If your landlord sues for any reason, do not self-evict and do not try to represent yourself in court unless there’s absolutely no other option: landlord-tenant law is a minefield. Without substantial training and experience, it’s very easy to lose an unlawful detainer defense on any number of obscure technicalities. Stay Housed LA, a partnership between LA County, the City of LA, and various legal and community service providers, provides pro bono legal assistance for cases like these. At the first sign your landlord has filed a complaint, immediately request representation through their website, and then contact your nearest LATU local.
In principle, the eviction process should look like this:
- Your landlord posts a Notice to Perform or Quit or a Notice to Quit that notes specific violations of the lease or the law on your part. If it’s a Notice to Perform or Quit, you can avoid court by taking the actions demanded within the period specified by the notice (typically three days). A Notice to Quit, on the other hand, is a prelude to court proceedings that you’ll have no chance to avert without leaving your home (which doesn’t mean you should do that).
- You should receive a summons from the court, either served to you by hand or posted in plain view on your door. This is the most critical moment, since you only have a five-day window to file an answer, or otherwise will lose by default. You’ll want to do everything you can to write and file the answer with an attorney, or at least a seasoned case worker. Demand for help will be very high, so don’t wait to ask for it.
- If you deny the landlord’s claims, once your answer is filed and accepted, the court will set a trial date.
In practice, however, it doesn’t always work that way. For instance, it’s up to the landlord to acknowledge that you met the terms of the Perform or Quit Notice, so if you don’t thoroughly document your actions, it will be your word against theirs. The five-day window to respond to a summons is also frequently exploited. Eviction attorneys and tenant organizers often see situations in which landlords will get process servers to hide the notice under your doormat, or not serve it at all, so that you don’t learn there’s been a complaint against you until it’s too late. Though it’s possible to dispute a judgement by default, and to keep fighting in court after the landlord has retaken possession of your unit, legal resources to actually pursue these difficult cases will be hard to come by.
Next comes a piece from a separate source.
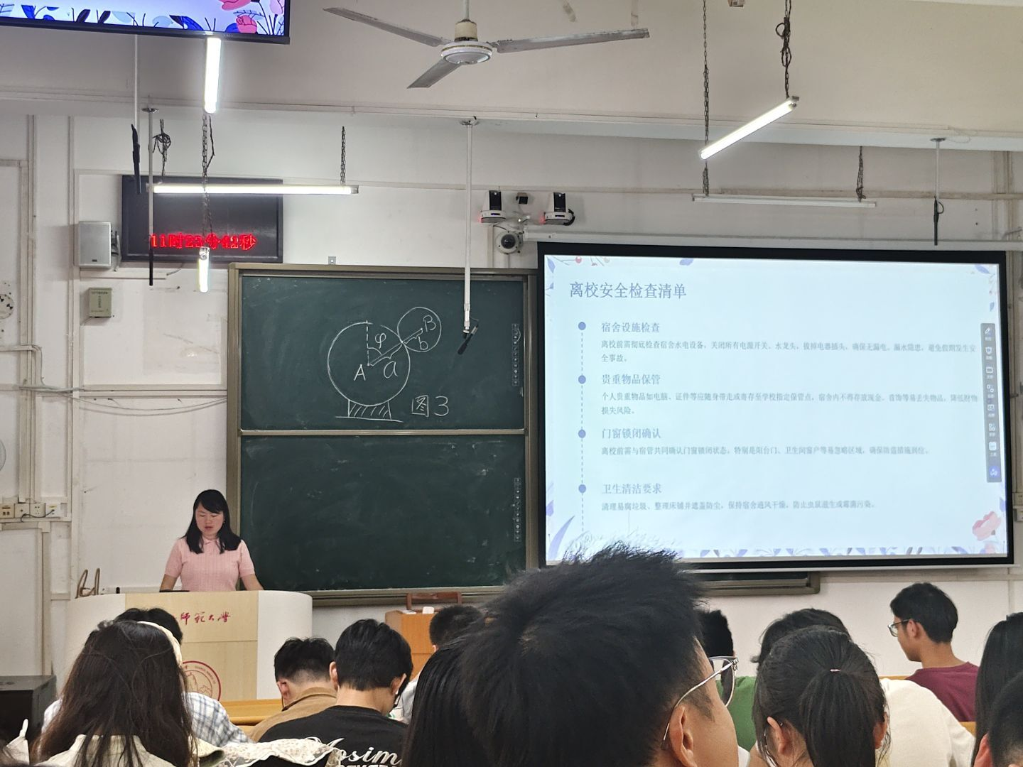 辅导员柳莲君老师围绕暑假安全教育与假期规划主题,结合典型案例展开讲解。第一,明确假期时间与注册安排,针对留校学生,要求提交书面申请并注明理由,经审核后统一安排集中住宿。第二,规范离校与留校管理流程,离校前需完成宿舍水电设备检查、确认门窗锁闭、携带贵重物品、清理易腐垃圾等。第三,介绍暑期社会实践专项内容,要求同学们紧密结合专业展开实践,相应社会热点,提升实践时效性与社会责任感。第四,助力学生规划个人暑期成长路径,师范生可聚焦教学技能提升,科研方向学生要深耕前沿课题,参与实习兼职的学生需做好资质审核、协议签订及应急防护等安全措施。最后,强化安全责任与应急处理,重点强化消防管理、实验室危化品存储等安全隐患,全方位筑牢安全防线。
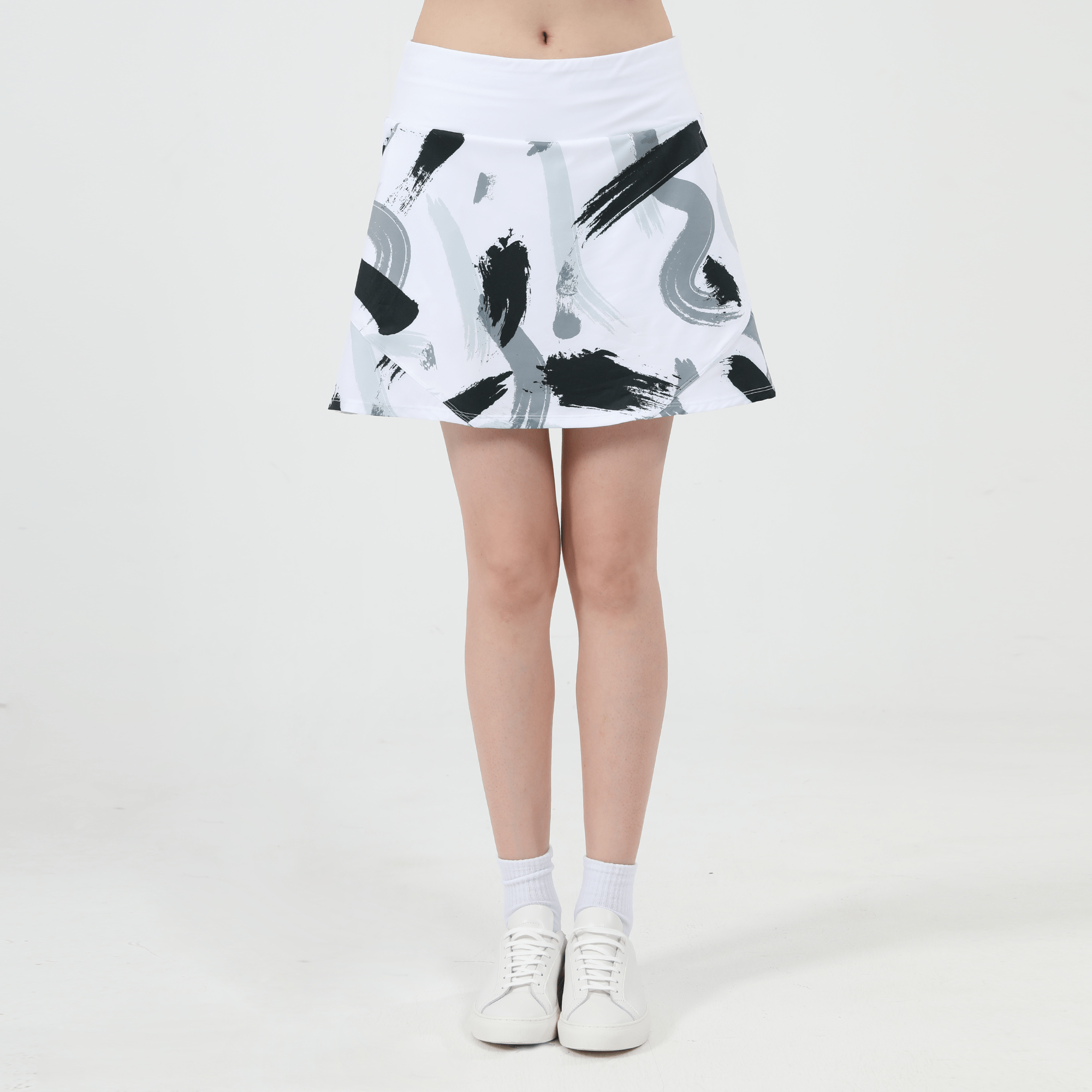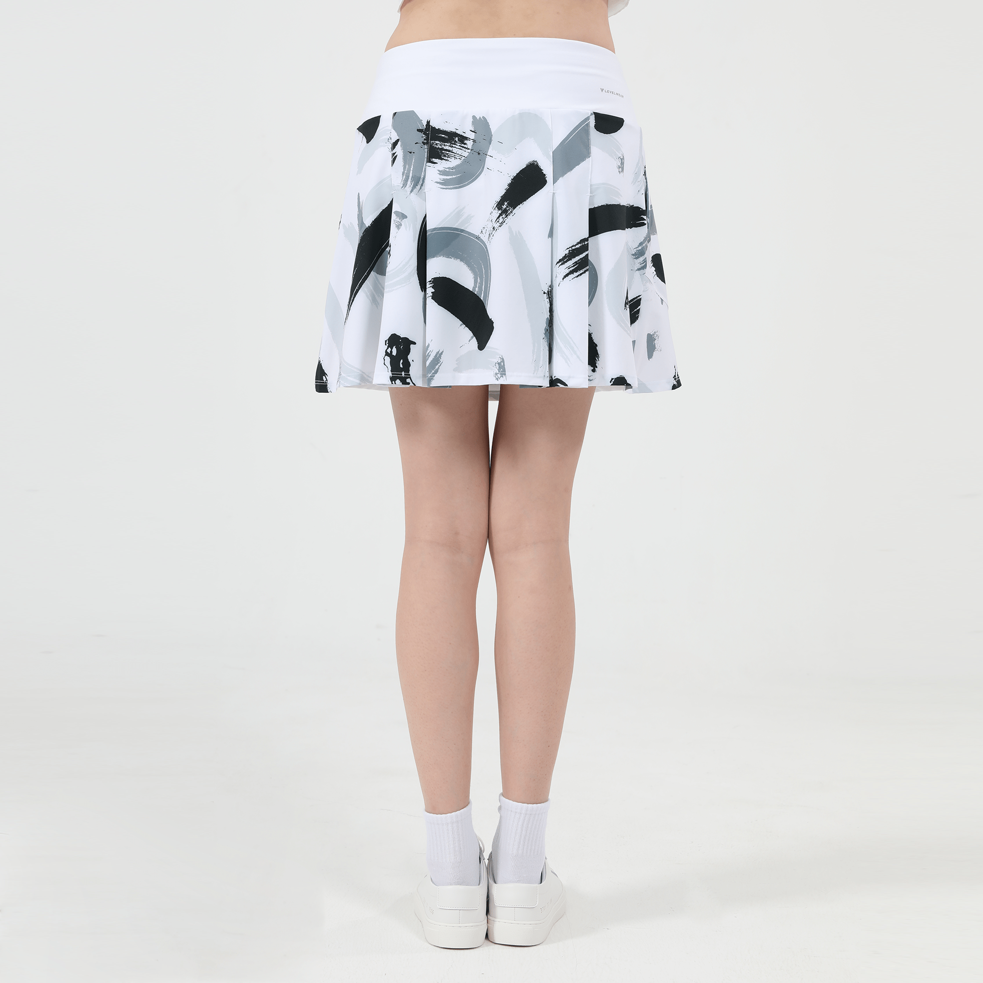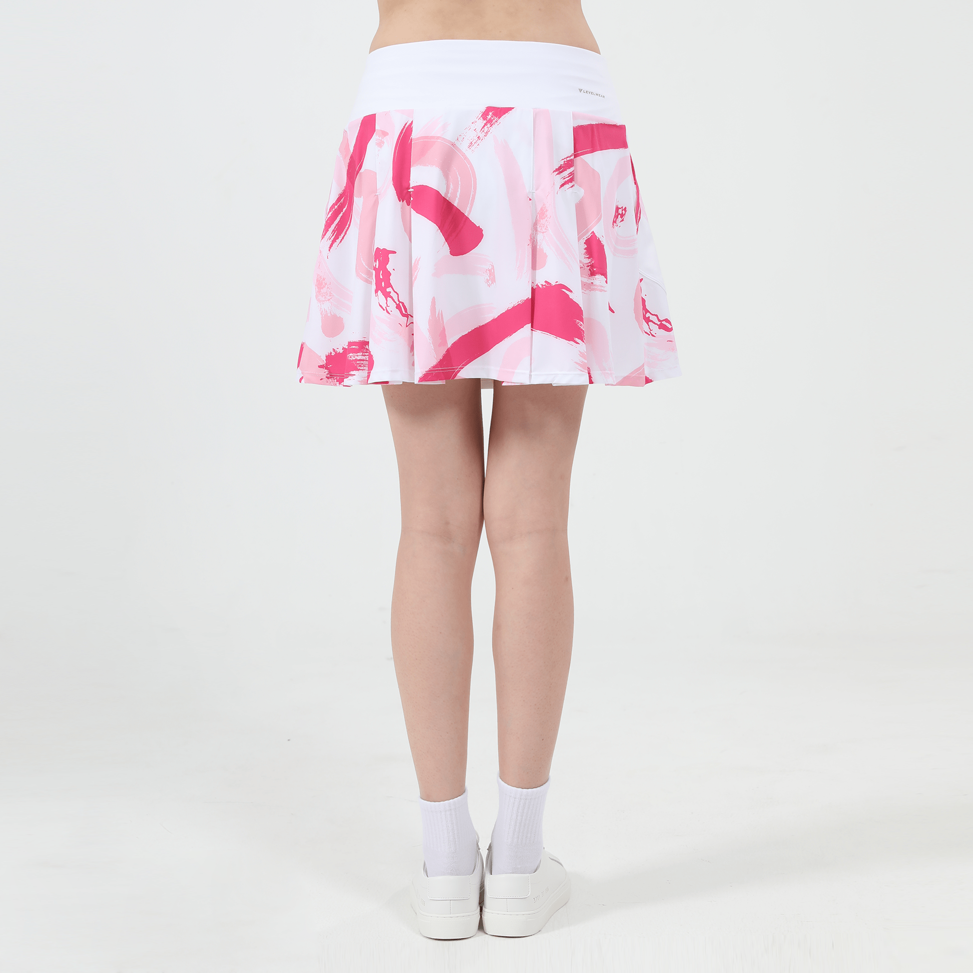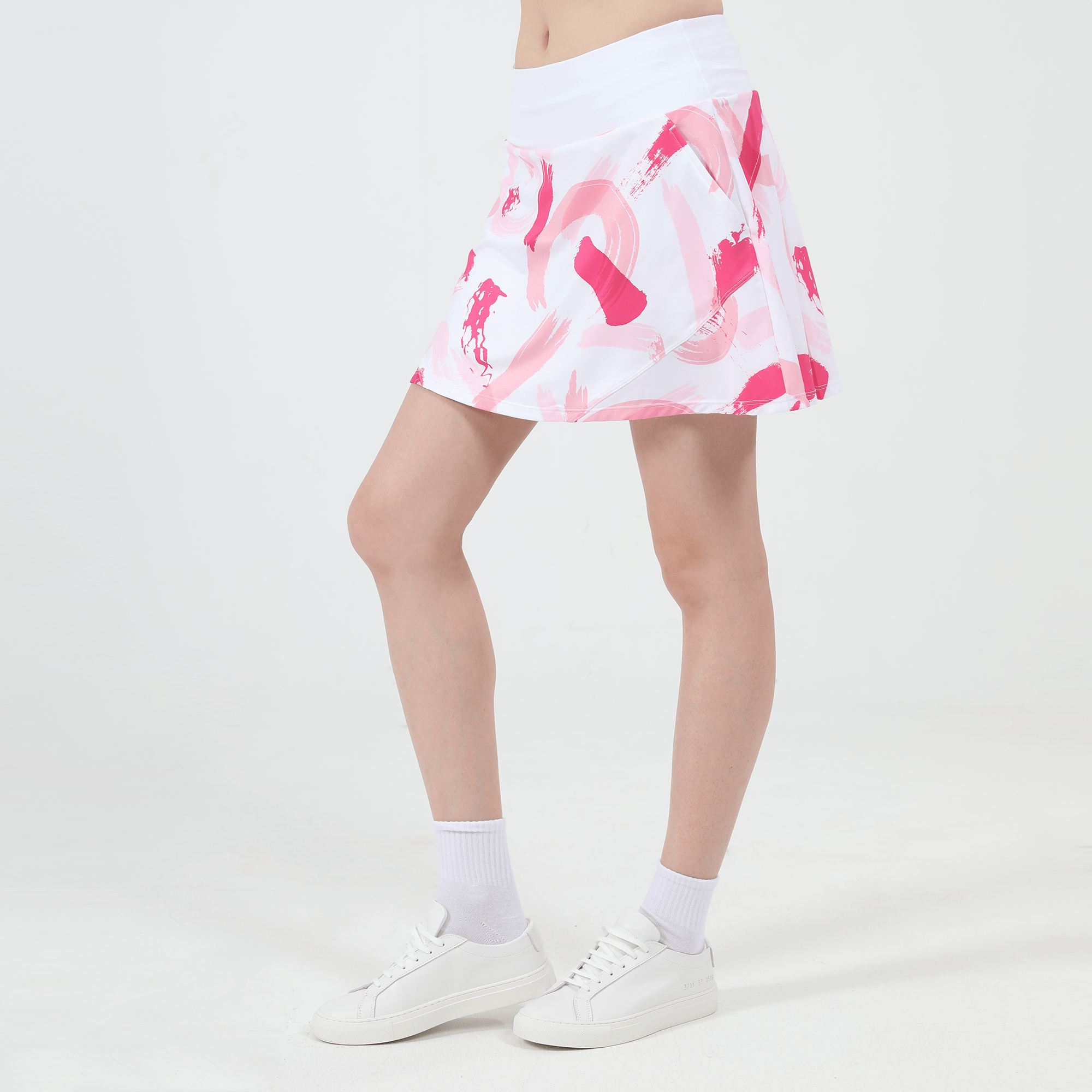The women's Brush Skort combines visual appeal with practical design, perfectly suited for active pursuits like golf. Made from a blend of 92% polyester and 8% spandex, this skort offers flexibility and a flattering fit. The contrast extra wide waistband ensures a secure fit, while front slash pockets provide convenient storage for essentials. A pleated back enhances mobility, and hidden shorts with an elasticated waistband offer added coverage. Featuring an all-over brush stroke print and a smart 16" length at the front, which adjusts slightly by size, this skort is a versatile and essential addition to your wardrobe, blending seamlessly into athletic settings.

If you have good reason to believe your landlord may have filed a complaint and intentionally botched service of the notice, you can call the relevant departments of the courthouse every morning and ask if a complaint has been filed against you, or anyone at your address. For most tenants in Los Angeles, this will be departments 91 (213-633-1091) and 97 (213-633-1097) at Stanley Mosk Courthouse.
Los Angeles Rental Debt
Then, of course, there is the question of debt. Even tenants who secure permanent eviction protections and manage to keep up with their monthly rent payments will face a significant pile of back rent. Though your landlord cannot try to collect through eviction proceedings, the law treats it as consumer debt, like credit card payments or an auto loan, which can be pursued in civil court.
Many tenants in debt due to COVID hardship will qualify for rental assistance funds through the state, and some of them will even receive it. Need far outstrips the available resources, however, and the plan is designed primarily to bail out landlords rather than keep struggling tenants in their homes. But if you qualify, there’s no reason not to apply. Even if you previously applied for the rental assistance funds being administered by the City of LA, you should apply again through the state’s Housing Is Key website — and check there too if you didn’t qualify under the city’s program, since the state is accepting a wider range of applicants.
In a perfect synecdoche for its preening uselessness, the city originally elected to administer the funds itself through HCID/LAHD (until recently the Housing and Community Investment Department, once again calling itself the Los Angeles Housing Department) rather than letting the state handle it, and then completely botched the administration of the program. The City of LA then asked the state to take over again, creating additional layers of guesswork and confusing bureaucratic burdens for people just trying to stay in their homes and out of debt.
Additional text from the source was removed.